Bon, l'Albanie, je connais pas ! Mais j'imagine... Et du coup j'abats un quart de poil. Ça porte pas à conséquence, vu que le pilote va me r'mettre en ligne recta. Mais j'vais l'faire deux ou trois fois de suite et on verra bien…
« Bon allez, on abat en grand si c'est comme ça ! On va être à l'abri toute le journée derrière ce gros pavé. On aura le temps de réfléchir... » Voilà, ça a marché ! Suffit de pas grand chose des fois...
Le pavé dont il parle, le pitaine, c'est l'île Santo, une énorme muraille de 80 milles de long qui tombe à pic dans la mer du haut de ses 1000 mètres sur toute sa face Ouest et fait barre à l'alizée.
Deux heures plus tard, le soleil est assez haut pour un bain de soleil relaxant.

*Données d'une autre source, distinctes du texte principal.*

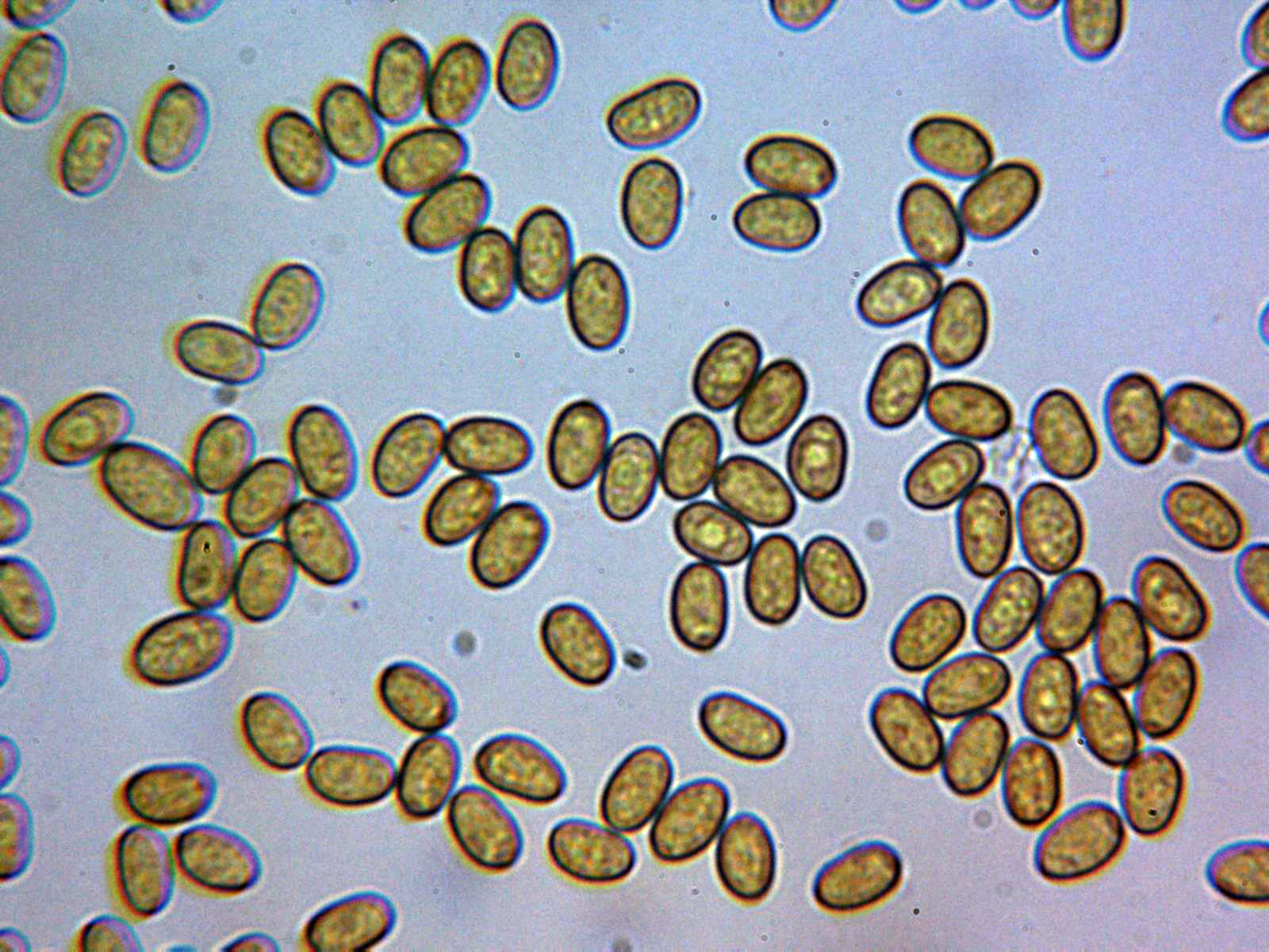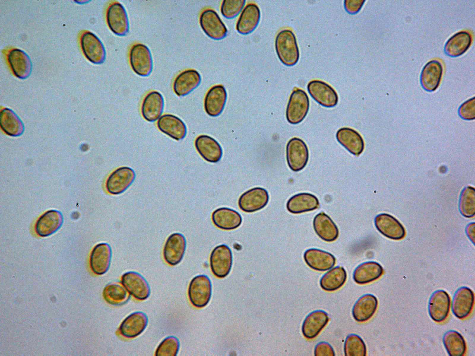 Y las esporas en agua, de color amarillento al microscopio, elipsoidales, lisas con tenue contenido en su interior, sin por germinativo apreciable:

On a coupé le pilote et on est les pieds en éventail à dériver tranquille à quatre, cinq milles de la côte, avec juste la grand-voile arisée pour nous pousser au jugé vers le Nord dans des brises virevoltantes... ET ON RÉFLÉCHIT...
Les eaux territoriales, me direz-vous ? ON S'EN TAPE ! On a mauvais caractère tous les deux et on les a pris en grippe ces vanuatais... Ce foutu virus, eux ils l'ont jamais vu ni entendu, mais on dirait que c'est encore pire !!!